How has COVID-19 affected the world of security in SaaS?
The role of the CSO has been elevated, as they are driving or a major stakeholder in digital transformation projects related to remote work. This has driven companies to seek out CSOs with strong business acumen, who focus on collaboration. Success in the pandemic era has required better relationships with Chief People Officers, Chief Financial Officers, and Chief Marketing Officers. These relationships allow for more effective communication about cultural impact, market differentiation during times of tighter budgets, and allocation of budget on the most impactful items.
What trends do you see happening in the SaaS security world the next year/five years?
One major shift will be as CSOs continue to behave as someone who drives security within the business framework, not pushing their own agenda above all else. There will be increased opportunities provided in collaborating with the executive teams and board. Security will move out of being the world of being second class citizens.
Another trend that will continue to make gains is automation as a resource. Automation isn't new, but hiring freezes during COVID-19 have forced teams to do more with less. I don’t mean the vendor pipe dream of automation, which is pitched as “set it and forget it,” but the principle of simplifying and automating repetitive manual tasks to free up time for the team to address higher risk items.
What are some tips you have for sales teams working with their colleagues in security?
Security Reviews: Collaborate with your security team to make sure everything is in order when it comes to the inevitable security review. Share with security the common talking points and concerns that come up during customer interactions. This will assist in the prioritization of customer facing assets to help reduce the security review portion of the sales cycle.

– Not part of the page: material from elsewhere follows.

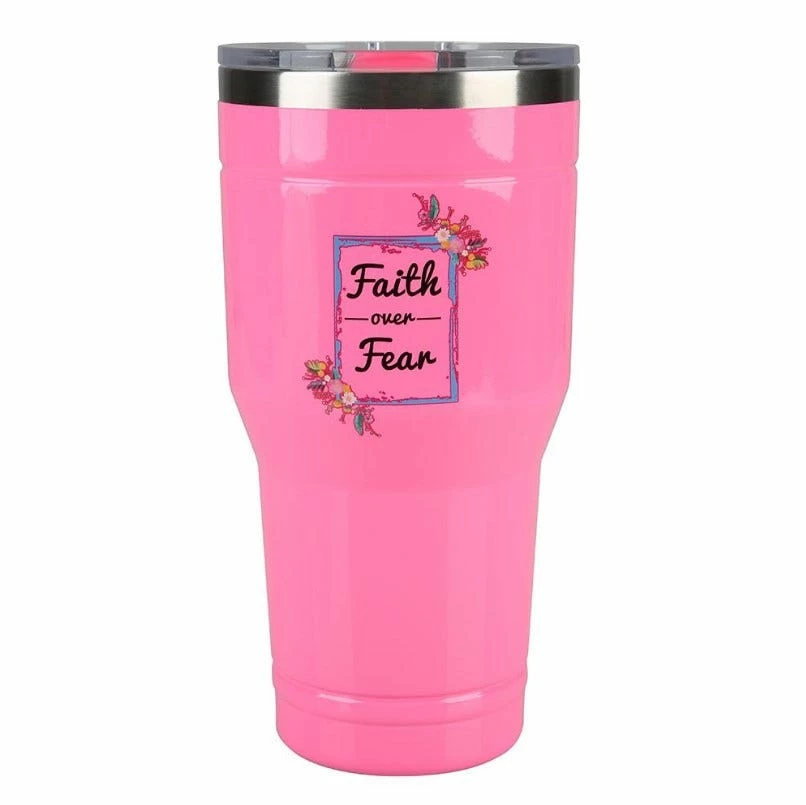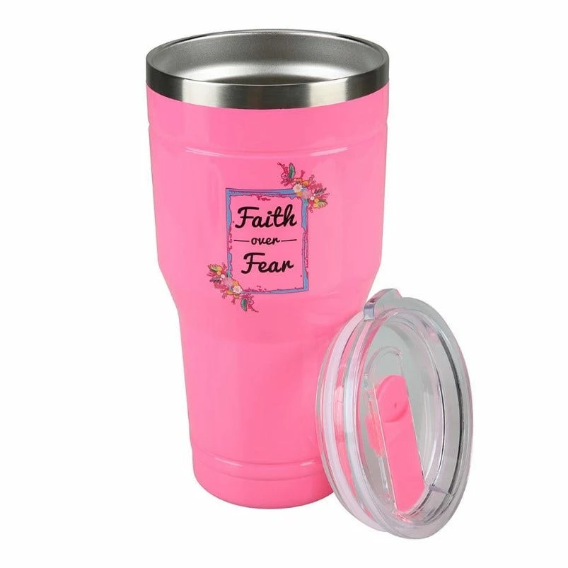 Lincoln Outfitters “Faith Over Fear” 30 oz. Religious Tumbler, White – 89-643-0204 – Tumblers

Selling Motion: If the CSO is part of the purchase decision-making, spend time with your CSO to understand what is important to them. What is it they look for when purchasing a product? What are our pet peeves when being contacted or sold to?
Leverage Resources: Many of CSOs are part of larger security executive groups where we share knowledge, from sales experiences to bad vendor interactions. A key to success in any position is using all available resources to develop a deeper understanding of your industry.